A cottimo. Salgari amava scrivere, ma nella neonata Italia, una nazione povera, dove il tasso di analfabetismo nel 1861 era in media al 73%, in decrescita fino al 48,5% del 1901, l'editoria non era ancora regolamentata. E persino ai best seller salgariani non era riconosciuto un compenso per i diritti d'autore, come si deduce da questa lettera del 1928: "Il Sig. Prof. Salgari cede al Sig. Donath la proprietà esclusiva e perenne per l'Italia del romanzo originale italiano I misteri della jungla nera, già pubblicato in appendice nel giornale La Provincia di Vicenza col titolo L'amore di un selvaggio, riservandosi il diritto per la pubblicazione fatta all'estero o in Italia dello stesso romanzo in lingua diversa dalla italiana, e obbligandosi naturalmente a non farne ulteriore cessione ad altro giornale. Il Sig. Donath corrisponderà in pagamento al Sig. Prof. Salgari la somma di lire 300 pagabili in tre rate (…)". Insomma una paga da fame che costrinse "il papà di Sandokan" a diventare un "forzato della penna", come si definì lui stesso.

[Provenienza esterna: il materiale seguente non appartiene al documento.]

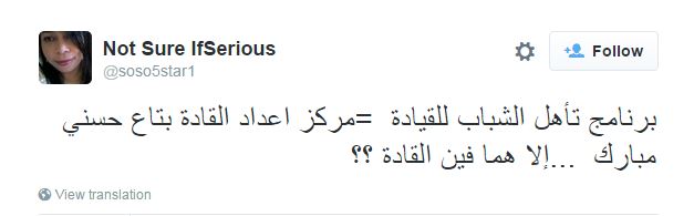 وعلقت soso5star1 قائلة: “برنامج تأهل الشباب للقيادة =مركز إعداد القادة بتاع حسني مبارك.. ألا هما فين القادة؟؟”.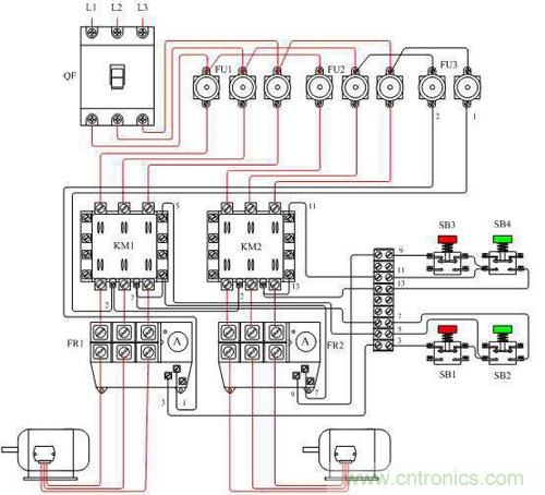 注意看左側的主回路,三項電L1,L2,L3通過接觸器KM1到達電動機M1的順序為左、中、右;而通過接觸器KM2到達電動機M1的順序為右、中、左(zuo)。相(xiang)序(xu)的(de)改(gai)變(bian)實(shi)現(xian)了(le)電(dian)機(ji)運(yun)轉(zhuan)方(fang)向(xiang)的(de)改(gai)變(bian)。這(zhe)一(yi)用(yong)法(fa)用(yong)在(zai)電(dian)動(dong)汽(qi)車(che)或(huo)電(dian)動(dong)三(san)輪(lun)車(che)上(shang),即(ji)可(ke)實(shi)現(xian)倒(dao)車(che)的(de)功(gong)能(neng)。現(xian)在(zai)有(you)一(yi)種(zhong)更(geng)方(fang)便(bian)的(de)元(yuan)件(jian),叫(jiao)做(zuo)“倒順開關”,其原理便是如此。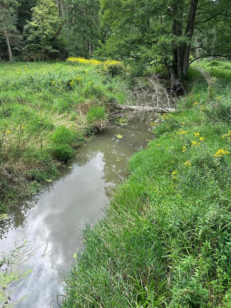 Mijamy sztuczny kanał otoczony kwiatami polnymi. Po prawej przebija żółć kwiatów rosnących przy rzece. Stare drzewa mają pofalowaną korę, miejscami obrośniętą mchem.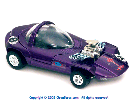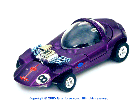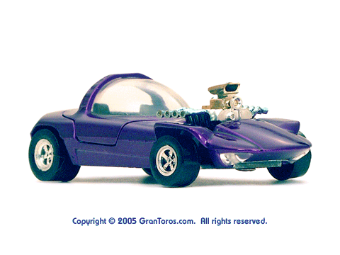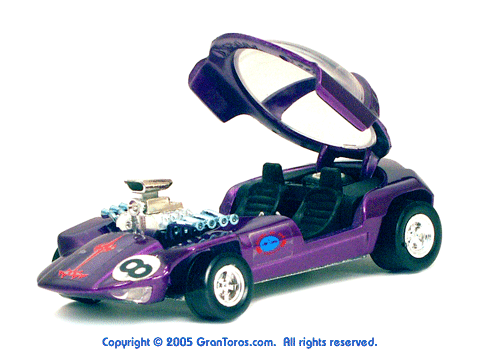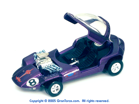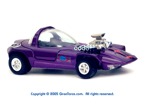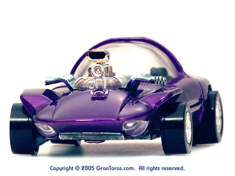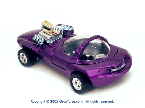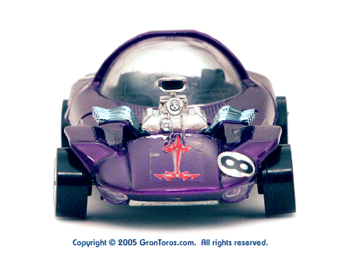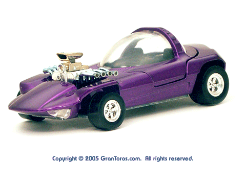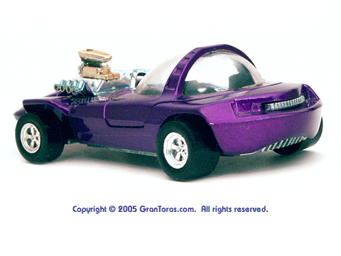 Right rear quarter view of a purple Gran Toros Silhouette with open cockpit. |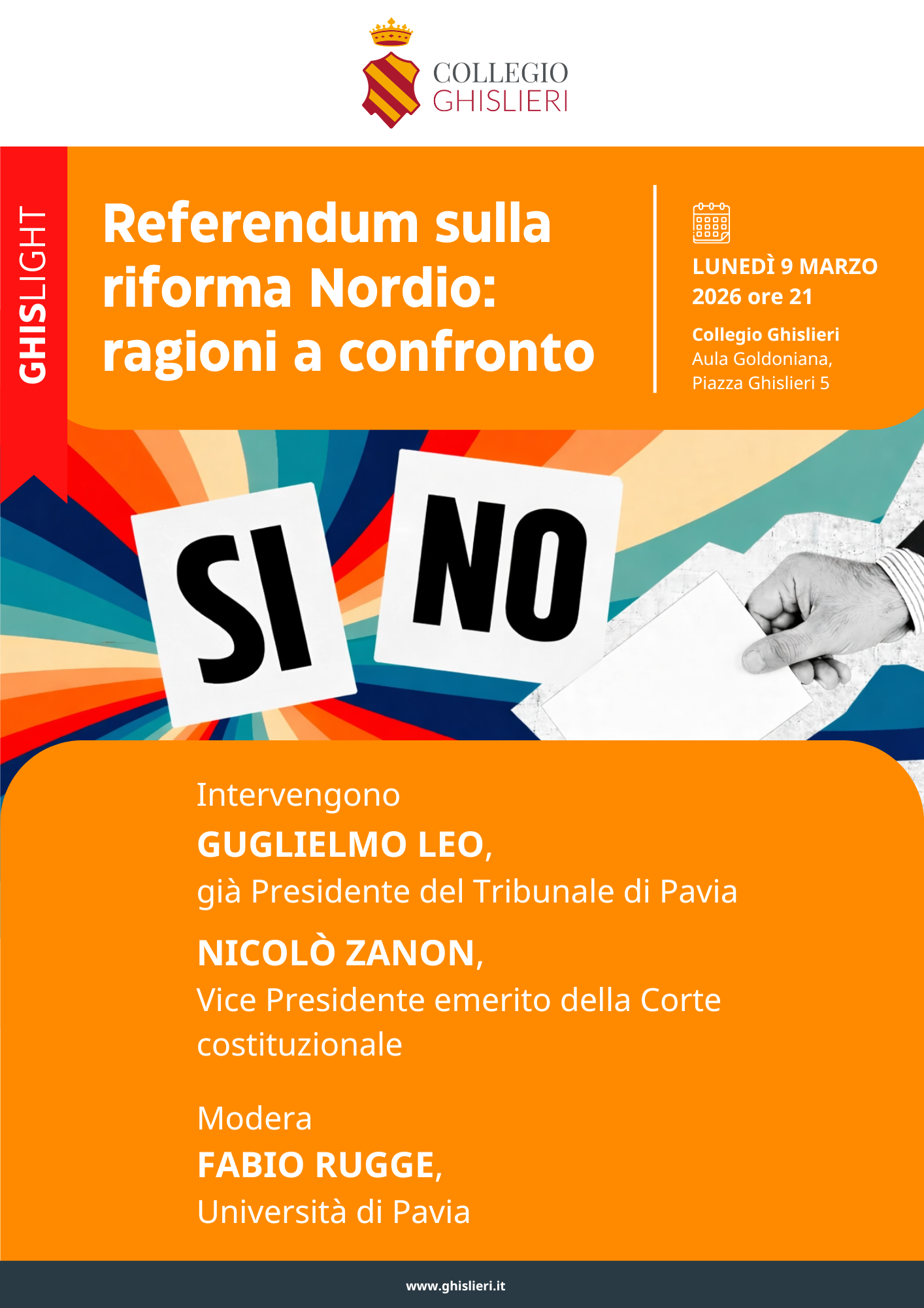 I temi sono complessi, è fondamentale essere informati. Per questa ragione il Collegio Ghislieri ha organizzato un dibattito pubblico aperto alla cittadinanza che si terrà lunedì 9 marzo alle 21 in Aula Goldoniana. Moderati da Fabio Rugge interverranno per il No Guglielmo Leo, già presidente del Tribunale di Pavia e per il Si Nicolo’ Zanon, già Giudice della Corte Costituzionale.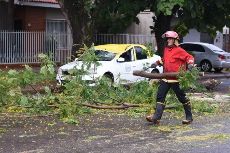 La tormenta que azotó esta tarde a Posadas provocó la caída de árboles en distintos barrios de la capital provincial.
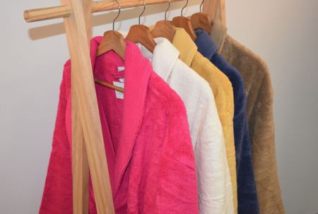 Pour le Micro-Coton : Cette matière délicate demande un peu plus de douceur. Privilégiez un cycle modéré et évitez de mélanger votre peignoir avec des vêtements munis de crochets ou de zips qui pourraient tirer les fils. Comme pour l'éponge, le sèche-linge (cycle délicat) aidera à restaurer la douceur veloutée du micro-coton.
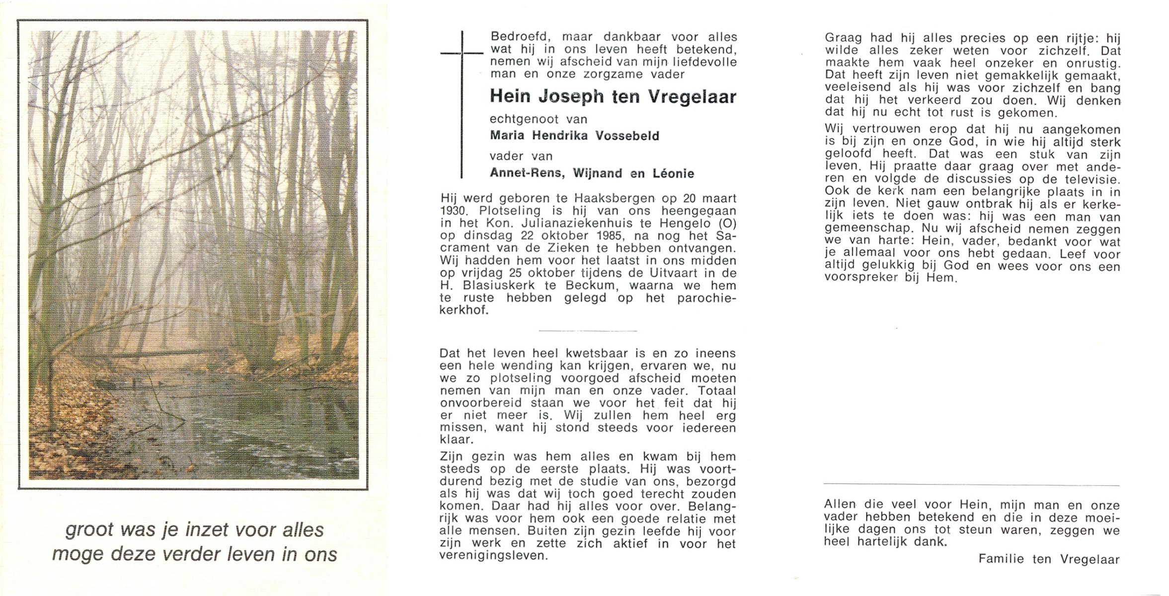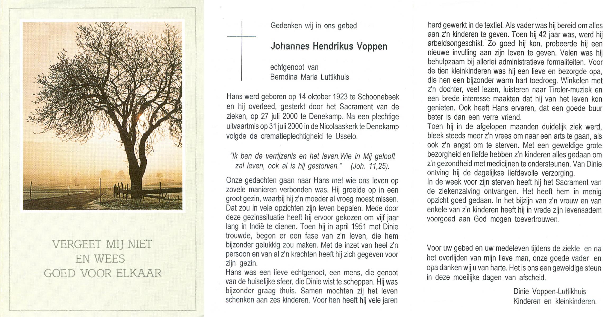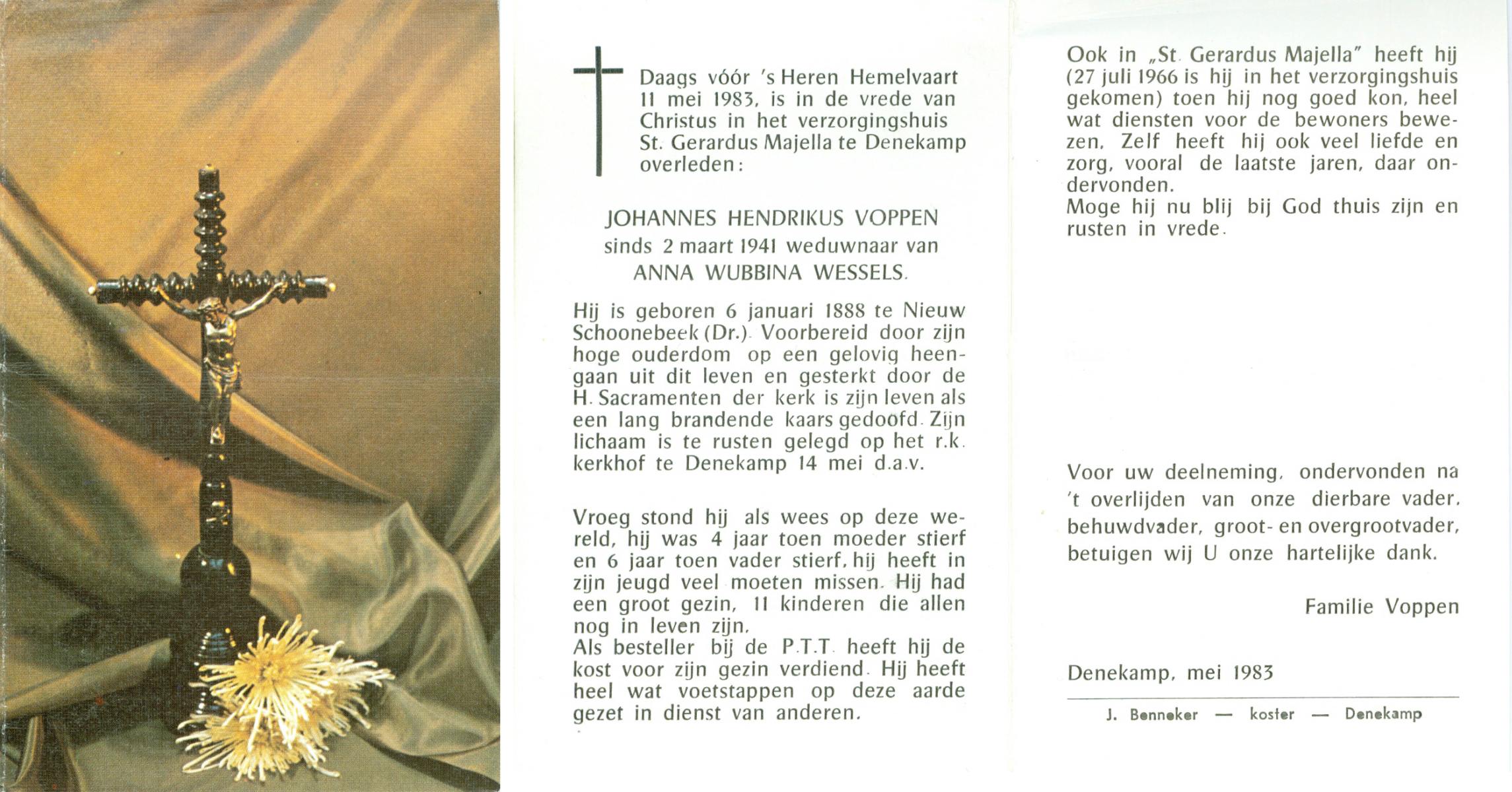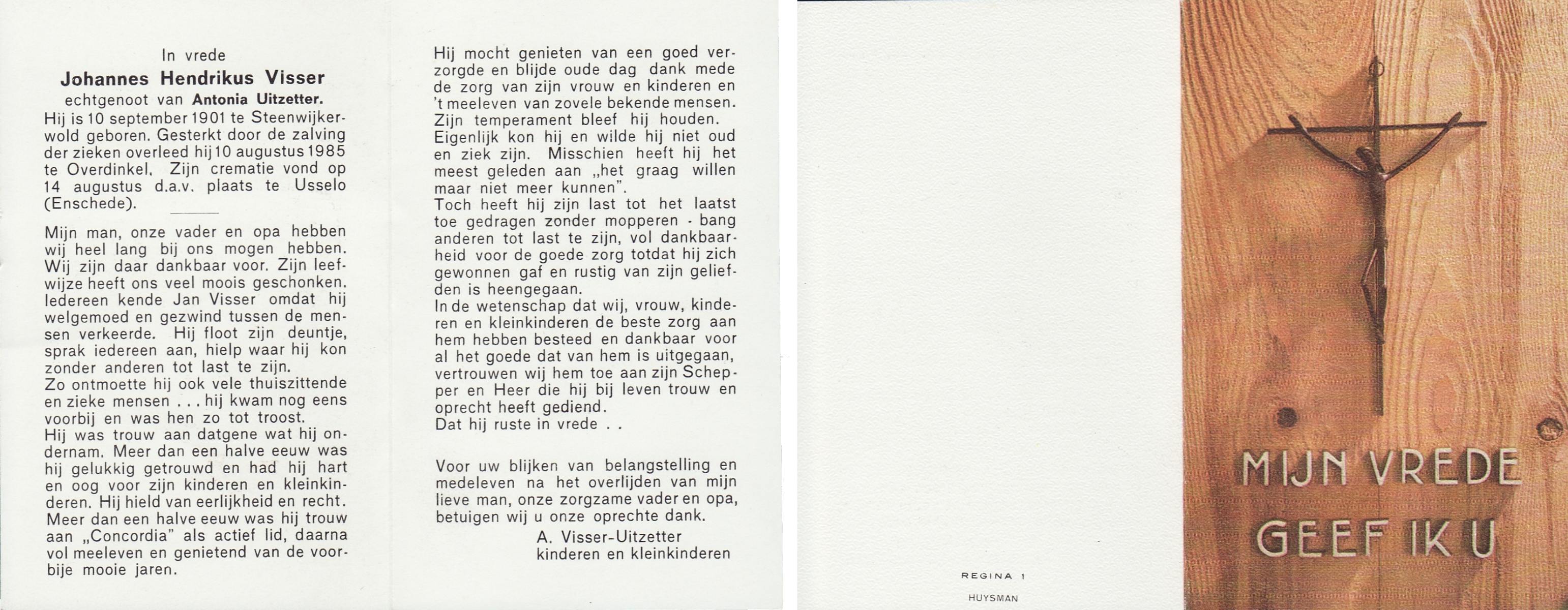 VISSER, Johannes Hendrikus, geboren op 10-9-1901 te Steenwijkerwold, overleden op 10-8-1985 te Overdinkel op 83-jarige leeftijd, gecremeerd op 14-8-1985 te Usselo.

Per mantenere la famiglia era costretto a pubblicare almeno tre libri all'anno, usando anche pseudonimi per aggirare i contratti di esclusiva che lo legavano a un editore. «A fine Ottocento furono parecchi ad arricchirsi sul suo lavoro», spiega Pozzo, «come scrisse Salgari il 22 aprile 1911, indirizzando la sua famosa, lucida e terribile lettera di accusa agli editori, ossia, a Bemporad di Firenze, Donath edizioni di Genova, Paravia di Torino, Fratelli Treves di Milano, G. Cogliati di Milano, Salvatore Biondo di Palermo e Belforte di Livorno. Giulio Speirani e Figli non furono nominati. Il rapporto con quegli editori era stato infatti più che soddisfacente e i contatti sarebbero proseguiti nel tempo, ossia anche dopo il 1897, anno in cui Salgari stipulò un contratto in esclusiva con l'editore Donath di Genova e fu costretto a lasciarli». In ogni caso, Salgari fu lo scrittore peggio pagato della sua epoca, per questo costretto a un super lavoro, come raccontava, sfogandosi in una lettera del 1909, indirizzata a Giuseppe Garuti, alias Pipein Gamba, storico illustratore del Corsaro Nero: "Sono inchiodato al mio tavolo per molte ore al giorno ed alcune della notte, e quando riposo sono in biblioteca per documentarmi. Debbo scrivere a tutto vapore cartelle su cartelle e subito spedire agli editori senza aver avuto il tempo di rileggere e correggere".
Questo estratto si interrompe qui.